FIG. 1 is a schematic block diagram of one embodiment of the present invention. FIG. 2 is an external view of a telephone included in one embodiment of the present invention. FIG. 3 is a concrete block diagram of the telephone. FIG. 4 is a concrete block diagram of the interface. FIG. 5 is a diagram showing an example of an optical fiber cable. FIGS. 6 and 7 are waveform diagrams for explaining the specific operation of an embodiment of the present invention. In the figure, 10 is an exchange, 2o is a telephone, 22 is a dial, 23 is a handset, 24 is a light receiving element, 25 is an amplifier, 27 is a hook switch, 31.35 is an oscillator, 33.
36 is a modulator, 34 is a light emitting element, 40 is an interface, 41 is a light receiving element, 42, 50, 61 is an amplifier, 43
is a filter, 44.51.56 is a comparator, 46.

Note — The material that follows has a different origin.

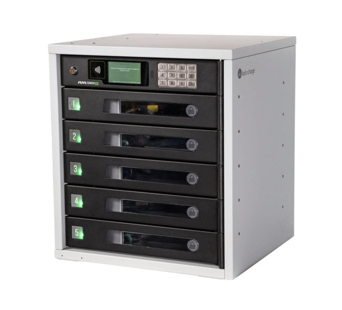 -Fournissez une solution de rechargement et de stockage sécurisé des appareils, disponible à la demande ou en libre-service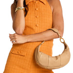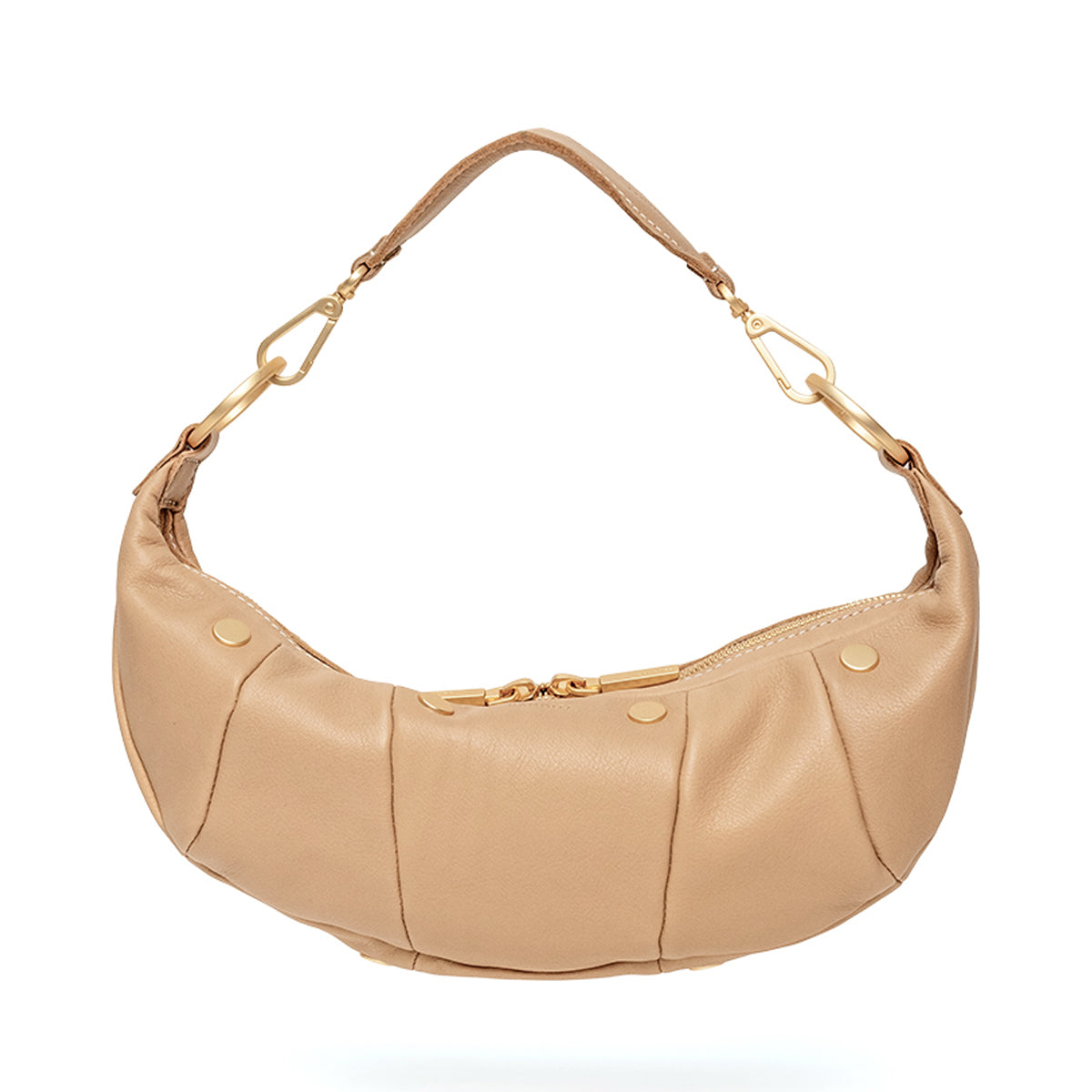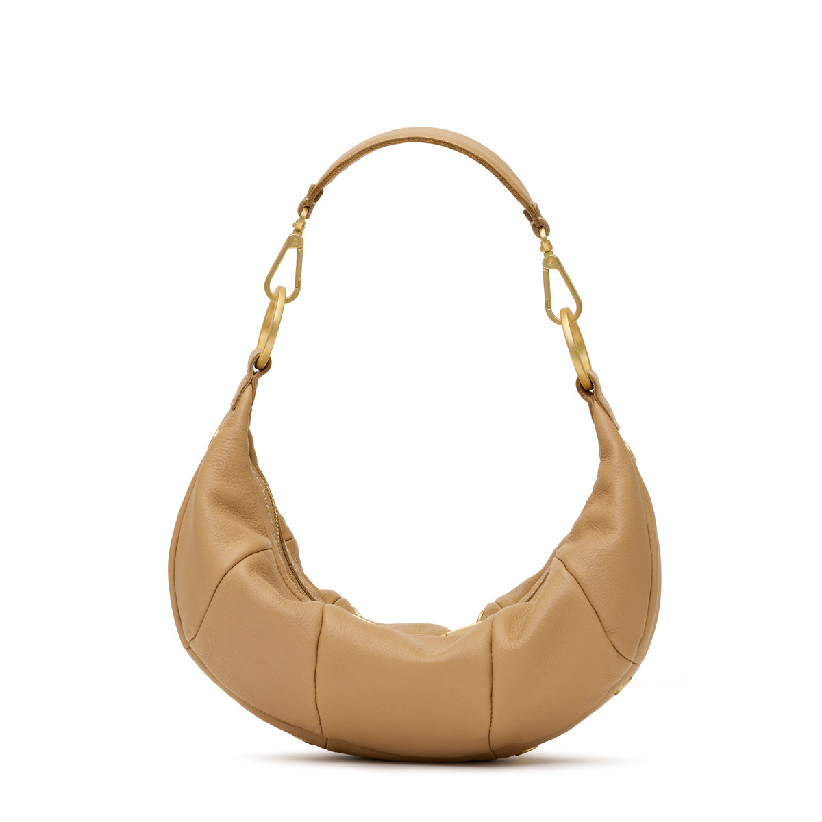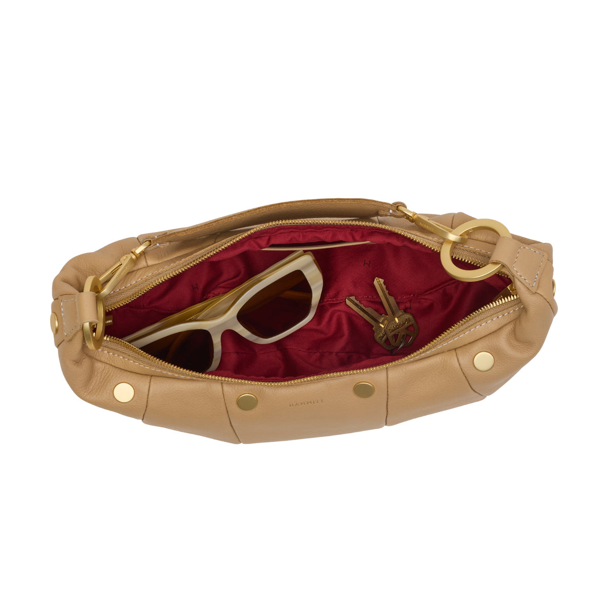 Meet your new everyday essential: the Hammitt Erica SML in Toasty Sand, a modern croissant-style bag designed to move effortlessly from daytime errands to nights out. Crafted from pale tan pebbled leather — a fresh update to classic Toast Tan — this softly structured silhouette feels relaxed yet refined. The bold, chunky short strap gives it a fashion-forward edge, while the detachable crossbody option provides hands-free convenience when you’re on the go. Signature Hammitt details — including brushed gold riveted hardware, sculptural paneling, and luxe red twill lining — make this compact bag feel anything but basic. Even better, Hammitt backs the hardware with a lifetime warranty, so you can carry it confidently for years to come.

53, 58 is a relay, 60 is a light emitting element, 8o is an optical fiber cable, 101 is a call lamp, 102 is an indicator,
103 indicates a bundle light guide. Patent applicant: Dainichi Nippon Electric Cable Co., Ltd. (2 idiots) Procedural amendment dated February 14, 1980 2, Name of invention Explosion-proof telephone device 3, Relationship to the person making the amendment Case Patent applicant address: Amagasaki, Hyogo Prefecture Name of No. 8 Nishinocho, Higashimukojima, City (326
) Dainichi Nippon Electric Cable Co., Ltd. Representative Yukio Aoyama (
(and 1 other person) 4. Agent Address: Yachiyo Daiichi Building, 2-3-9 Tenjinbashi, Kita-ku, Osaka, Japan Voluntary amendment 6. Figures '1 and 2 of the drawings subject to amendment. 7. The contents of the 71st envelope are as shown in the attached sheet. Jsu top

Claims (1)

[Scope of Claims] An explosion-proof telephone device in which an interface connected to an exchange is placed in a non-explosion-proof area, a telephone is placed in an explosion-proof area, and the interface and the telephone are connected by a pair of optical fiber cables. When hot, the telephone set includes a handset, a first light receiving element coupled to one end of one optical fiber cable to convert an optical reception signal provided from the interface into an electrical signal, and the other optical fiber cable. a first light emitting element coupled to one end of the fiber optic cable for converting a transmission signal provided from the handset into an optical signal, the interface coupled to the other end of the one optical fiber cable; a second light emitting element that converts a reception signal given through the exchange into an optical signal; and a second light emitting element coupled to the other end of the other optical fiber cable, which converts an optical transmission signal given from the telephone into an electrical signal. an explosion-proof telephone device comprising: a second light-receiving element applied to the exchange via the exchange; and a ring signal detection means for detecting a ring signal applied via the exchange; A call lamp placed in the area is lit, and the light from the lamp is guided to the explosion-proof area using a bundle light guide.
An explosion-proof telephone device characterized by displaying a call.